During the second trimester of pregnancy the cortex normally develops into six distinct layers, each made up of its own specialized brain cells. But in children with autism, the researchers saw patches in which the layers appeared jumbled and disorganized, or where certain cells were missing. Most of these patches were concentrated in areas of the brain that handle functions that are impaired by autism, such as language and understanding social cues. “This builds on prior research, clearly defining autism as a neurobiological disorder that happens very early in life,” says Daniel Amen, MD, a psychiatrist, brain imaging expert and the founder of Amen Clinics.

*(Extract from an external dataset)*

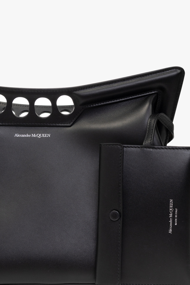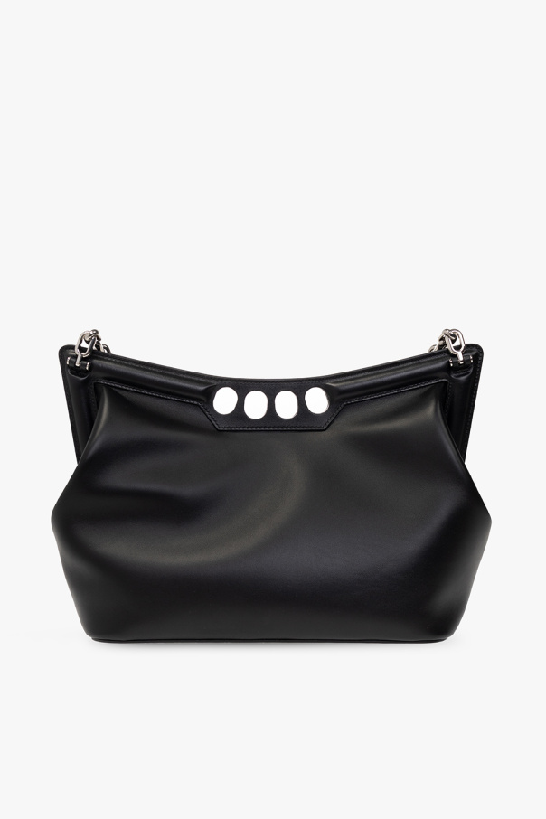 Black ‘The Peak’ shoulder bag from Alexander McQueen. Crafted from calf leather, this design secures with a snap and showcases a printed silver-tone logo on the front and a four-ring handle. It is complete with a chain shoulder strap, silver-tone metal hardware and one internal compartment with a strapped zip pouch featuring a flap.

Pregnant? Here’s What You Can Do
There’s no need for alarm if you’re pregnant. “I think autism is the result of a gene-environmental interaction,” Dr. Amen says. “People cannot do much about the genes they inherit, but there is a new concept called epigenetics that says your behavior turns on or off certain genes that make illnesses more likely in their offspring.” By practicing healthy habits like eating a healthy diet, getting plenty of sleep (6 to 8 hours) and avoiding pesticides and other toxic chemicals, Amen says you may be able to help control certain genes that may predispose your unborn child to autism.  

Future Treatment
Autism has no cure, but some children appear to improve as they get older, and early intervention with behavioral and speech therapies can help. This study could explain why. Because the researchers found the disorganized layers only in patches of the cortex, as opposed to covering the entire brain, they believe that the normal-appearing parts may be able to rewire themselves to take over for the affected patches. Still, much is unknown. “The fact that there are brain abnormalities in this way do not yet give us a clear direction for treatment,” Amen says. The hope is that future studies will point to therapies that can help with that process. 

Medically reviewed in February 2020.